Would you transcribe exactly the lines from the one containing "أقراص التوربو (مثل" to the last line of the data below, both ends included, but none of the pictures?

RECORDS SUPPLIED:
######
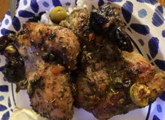 Η πρότασή μου για μεσημεριανό είναι ένα λαχταριστό κοτόπουλο φούρνου με ρύζι και λευκό κρασί
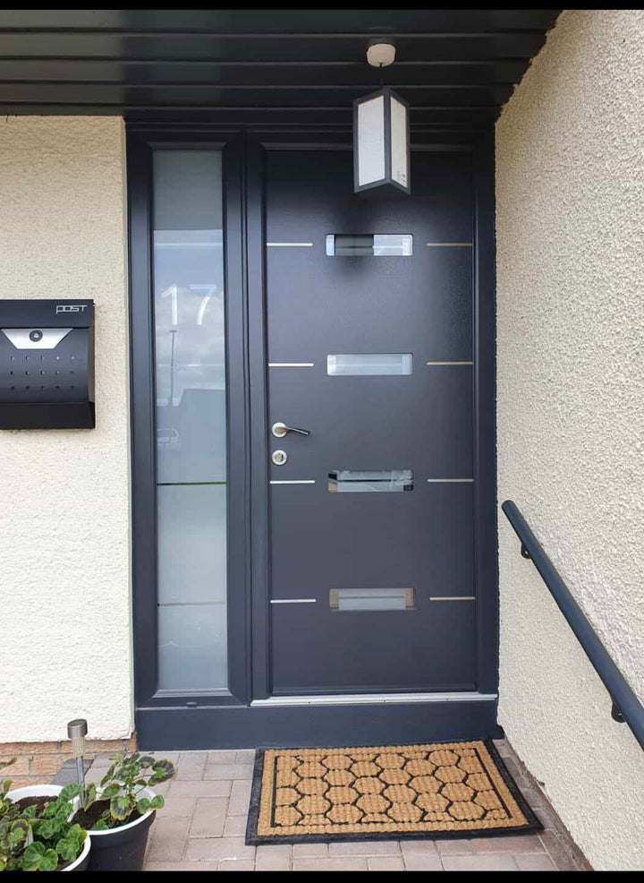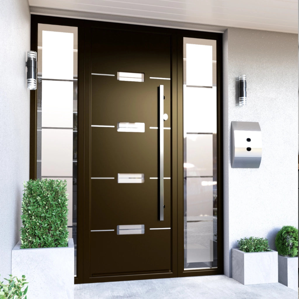 Elevate your home's exterior with the Platinum Bronze Madrid Custom Made External Door, a bold and modern statement piece with 4 central triple glazed glass panels. Crafted with precision and style, this door features a smooth Platinum Bronze finish complemented by four sleek horizontal aluminium inlays, offering a contemporary aesthetic that blends durability with design. Part of the Avant Garde collection.
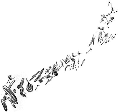 Look at the seeds of the boneset, joe-pye-weed, milkweed, and goldenrod! Seeds with wings and[Pg 6] plumes and parachutes that go floating and flying and ballooning.
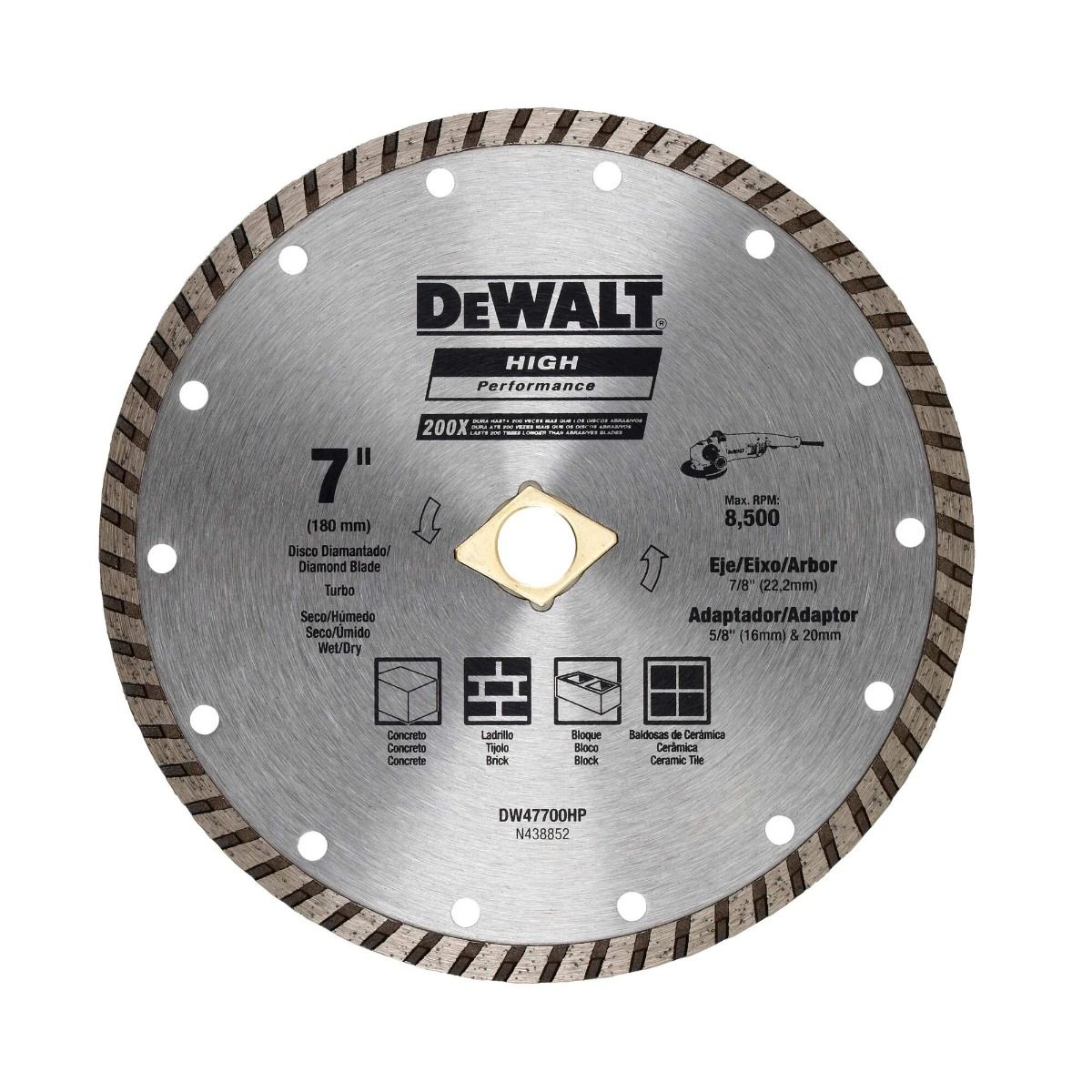 أقراص التوربو (مثل DW47400HP، DW47900HP) تقدم توازنًا متعدد الاستخدامات بين السرعة والتشطيب الأنعم للقطع للأغراض العامة في الخرسانة والحجر والطوب.
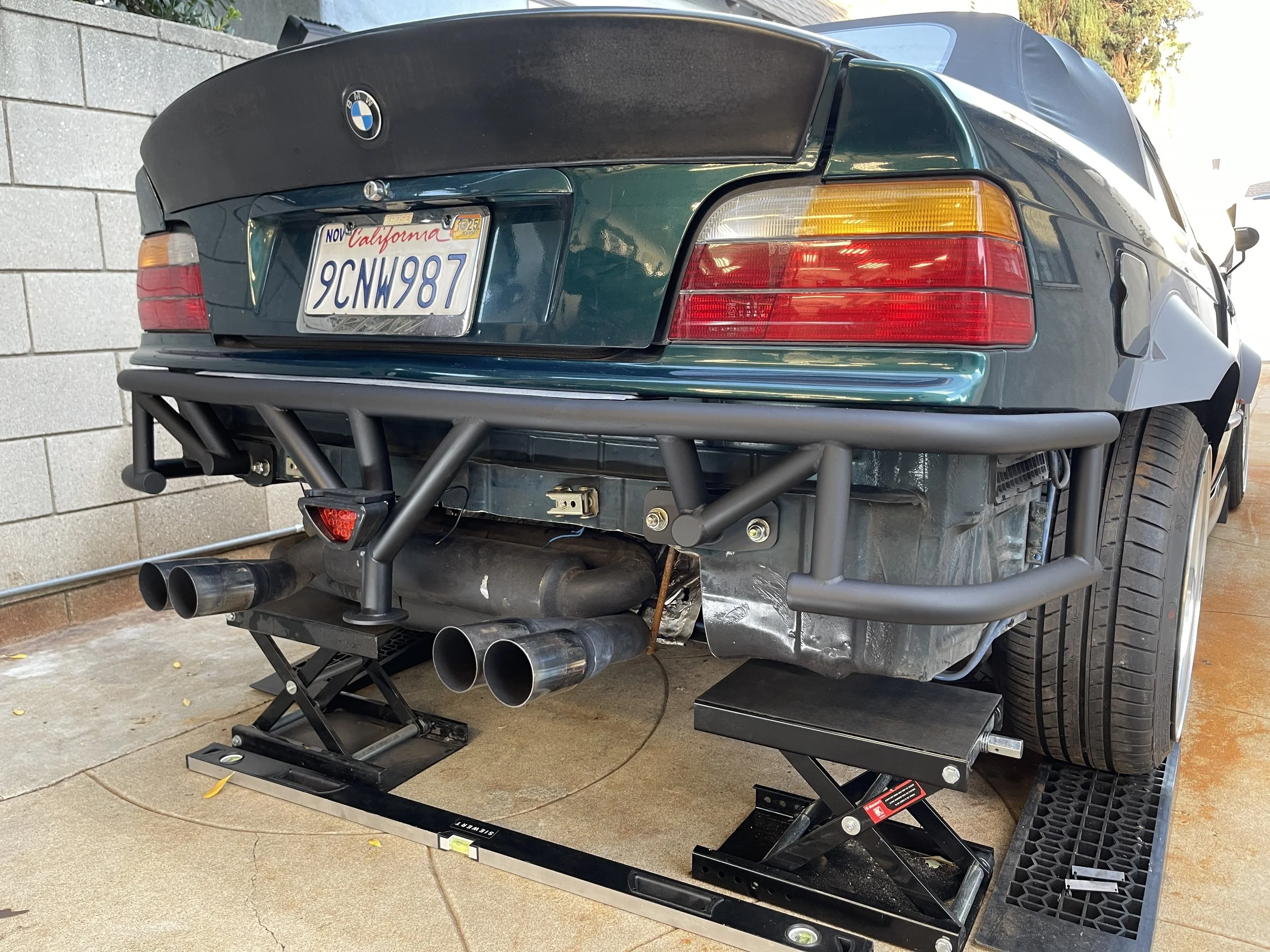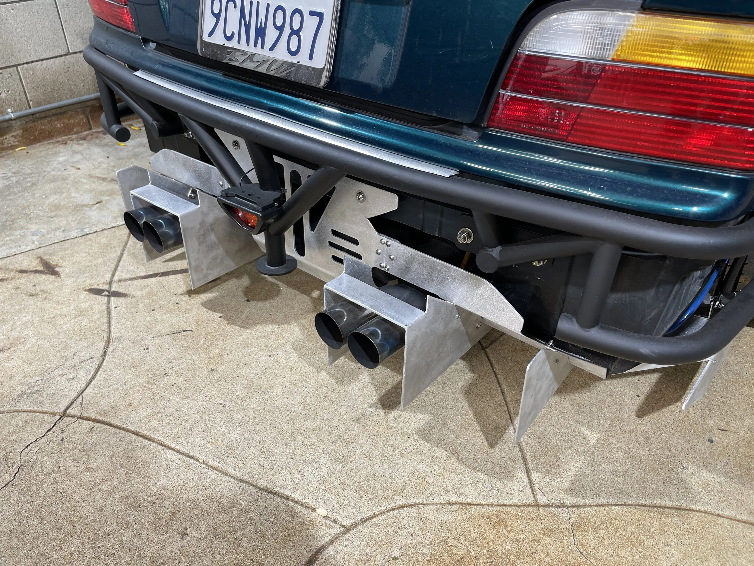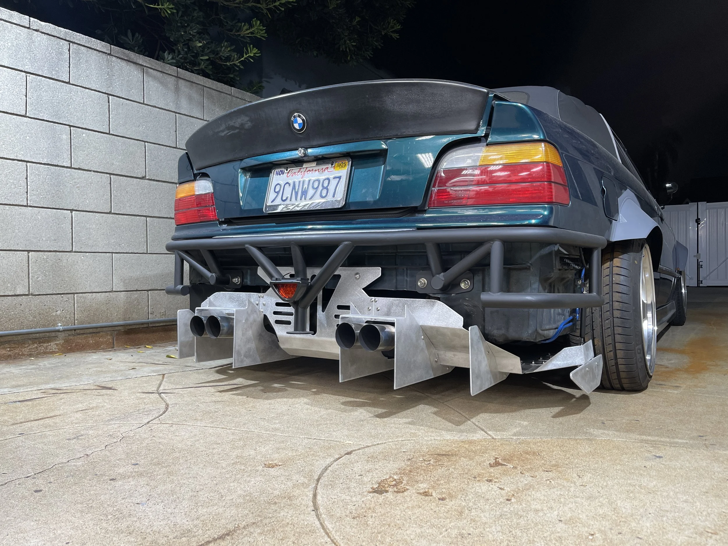 Long days…and longer nights - burning the midnight oil. I was able to get the lower most portion built out and flush with the underside of the chassis from the diff back, and from driver to passenger tire. It has a few ‘breaks’ in its structure as it moves upwards and back towards the trunk. Solid mounting was built in for a rigid and overall study structure. As the overall diffuser started to take shape, I built tabs and adjustable tierods off the OEM bumper slider mounts. These allow for side stability and adjustment of the winglets behind the tires.
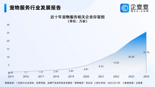 企查查数据统计,近十年宠物服务相关企业存量规模显著增长,自2015年末的0.82万家一路攀升至2024年末的25.78万家,截至2025年1月9日,2025年已注册1466家相关企业,宠物服务相关企业存量达25.91万家。
######
ANSWER BOX:
 أقراص التوربو (مثل DW47400HP، DW47900HP) تقدم توازنًا متعدد الاستخدامات بين السرعة والتشطيب الأنعم للقطع للأغراض العامة في الخرسانة والحجر والطوب.
 Long days…and longer nights - burning the midnight oil. I was able to get the lower most portion built out and flush with the underside of the chassis from the diff back, and from driver to passenger tire. It has a few ‘breaks’ in its structure as it moves upwards and back towards the trunk. Solid mounting was built in for a rigid and overall study structure. As the overall diffuser started to take shape, I built tabs and adjustable tierods off the OEM bumper slider mounts. These allow for side stability and adjustment of the winglets behind the tires.
 企查查数据统计,近十年宠物服务相关企业存量规模显著增长,自2015年末的0.82万家一路攀升至2024年末的25.78万家,截至2025年1月9日,2025年已注册1466家相关企业,宠物服务相关企业存量达25.91万家。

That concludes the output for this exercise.